[b]All Hallows Eve: "The Wood Carver"[/b]
The year was 1664, the night before All Hallows Eve. I thought it best to go to market that day. There were some last minute supplies I would need to have before dining.
I finished tying my apron strings and donning my bonnet and stepped outside into the chilly afternoon air. My, was it cold! The small peaks of my bosom pointed out of my blouse front a bit too much for my taste. I rubbed my palms over them a bit in a feeble attempt to bring them back down. Fie, what terrible timing this weather had! Certainly, there would be a frost tonight, I decided. It had held off for so long this year though, and everyone was prepared.
The journey was a short one for me, only five landmarks away: past the Jones farm, the Watson place, the old wood carver's shop, long since inhabited, the Umbersons, and the Horton's place. About an hour away, and I had an active imagination. Before I knew it the small shop was upon me.
I browsed a bit, but didn't want to dally long, for I could hear the sound of the wind picking up outside. My bones chilled at the thought and I cursed myself for not having brought a cloak while I'd had the chance.
As I placed the last of my supplies into my basket the feeling that eyes were upon me washed through my veins. Not wanting to appear possessed I controlled myself not to whip my head around to see. Instead I merely went about what I was doing. I brought my items to the counter and hailed the shopkeeper, Harol Watson.

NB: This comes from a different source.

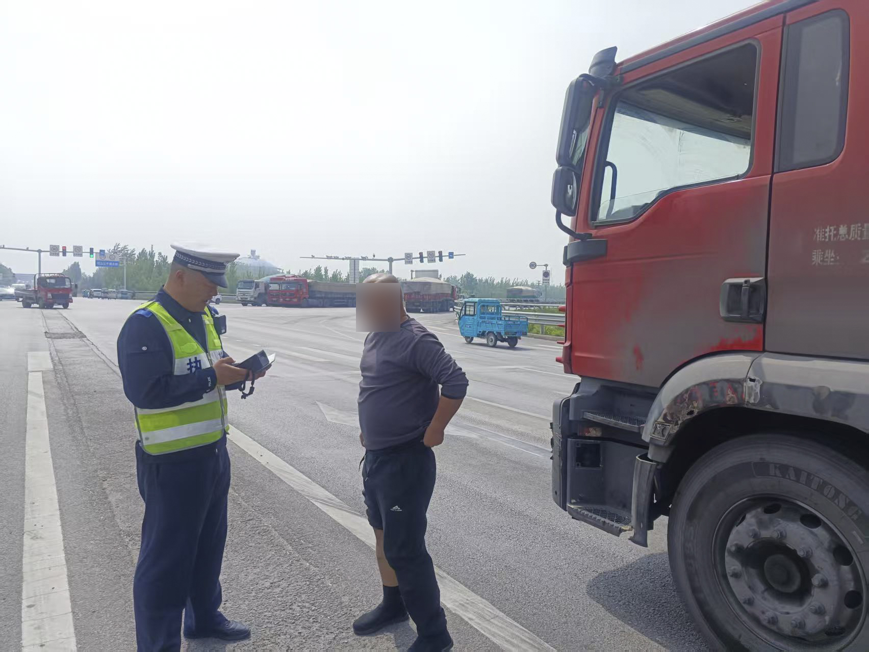 行动期间,大队领导带队,结合辖区货车通行规律与违法高发特点,在加强货车通行频率较高路段流动巡逻密度的同时,于重点路口、路段设立固定检查点,实现“精准布控、高效查处”。执勤人员对商砼车、渣土车、危化品运输车、重型半挂牵引车、中轻型普通货车等进行检查,重点整治货车超限超载、疲劳驾驶、违法载人、不按规定车道行驶等交通违法行为。

"How are thee this blustery day young Helen!" Although old, Harol always had a smile to match his friendly demeanor.
Still carrying my twinge of paranoia about being watched, I didn't have much as a reply. "Aye, windy indeed sir and I am well."
He began to ask about how my sister and brothers were and my mother and father and other assorted questions. I could pay no heed though, because the feeling would not go away. Well, not until he asked one specific question, did I stand to complete attention.
"Oh, by the way Helen, have you met the new Wood Carver?"
"There is a new Wood Carver?" As I said this, my bones ceased to chill and a strong wind hurled into the storefront before the door slammed shut.
"Aye, that was he just leaving!" the plump storeowner claimed. "Ye just missed him."
Cursing inside for my earlier foolishness at not turning around (surely it had been him staring at me!) I replied casually, "Ah well, I suppose I will meet him sooner or later anyhow. Fare thee well Mister Watson and a blessing to you and yours."
"And to thee Miss Helen. His name do be Jared Wright if ye happen to need him."
Walking back out into what had quickly become evening, I regretted even more not having brought my cloak. The normally short journey home seemed frighteningly arduous and long. Every step I took seemed to bring greater power to the wind. Holding my basket close to me, I wrapped my arms tightly around my small body, in a meager attempt to ward the chilly wind. As the wind howled and my steps became more labored, the signs of nightfall came into full play.
"Fie, but why must I talk so much!" I cursed myself again. I had never been as God fearing as the rest of the folk in town. Oh, but I tried; yet it was hard for me. It was my duty to keep the devil out of my home but it was difficult when I enjoyed my impure thoughts so! I knew that I enjoyed cursing and I enjoyed the feeling I had with no clothing on. I enjoyed the possibility that a man might see what I had underneath my skirts. Most of all though, I just wanted to be touched. I knew that would not happen until I was married. Worse yet, I knew that the only purpose was not for pleasure, but for the purpose of making babes. I wasn't supposed to know of any of this but my cousin had passed through months ago and we'd talked for hours on end. She'd told me everything there was to know. She had told me the best places to touch. Ever since, I had been either possessed or... Well, that was the thing. I often wondered if perhaps what we all believed to be true was, dare I say... nonsense? It just didn't seem to make sense for one not to derive pleasure from something if it wasn't hurting anybody? Would a God really want such a thing to be so?
An incredibly strong gust of wind brought me back to the present. I made an attempt to conjure my surroundings. Unfortunately, I hadn't gone far; walking into such strong winds had slowed me down even more than I had realized. I was barely past the Umberson place!
Suddenly without a warning, it began to rain. Harder and harder the rain fell until I could no longer see. The powerful and forceful winds picked up more than I could bear and I could push into them no longer. I fell, gasping for breath.
Instead of hitting the wet, muddy ground, I was caught at the waist by a very strong grip. I felt myself lifted up and draped over what must have been a shoulder, despite its hardness. From there I am not quite sure of the exact events for the next few moments because it was then that I lost conscientiousness.
I wasn't out for long. I awoke to blackness but could hear sound. I was still a bit weakened, but I felt around feebly with my fingers. It felt like hay beneath me, and a lot of it. I was on a bed of hay! Some of the blackness faded as a lantern was lit.
I felt certain I was in a stable. I wondered to myself if it was the old wood carver's stable. I started to gain my vision back a bit and tried to look around but became startled when I looked up.
A man finished hanging the lantern and proceeded to squat down in front of me. "Are you the new woodcarver?" I questioned. He nodded.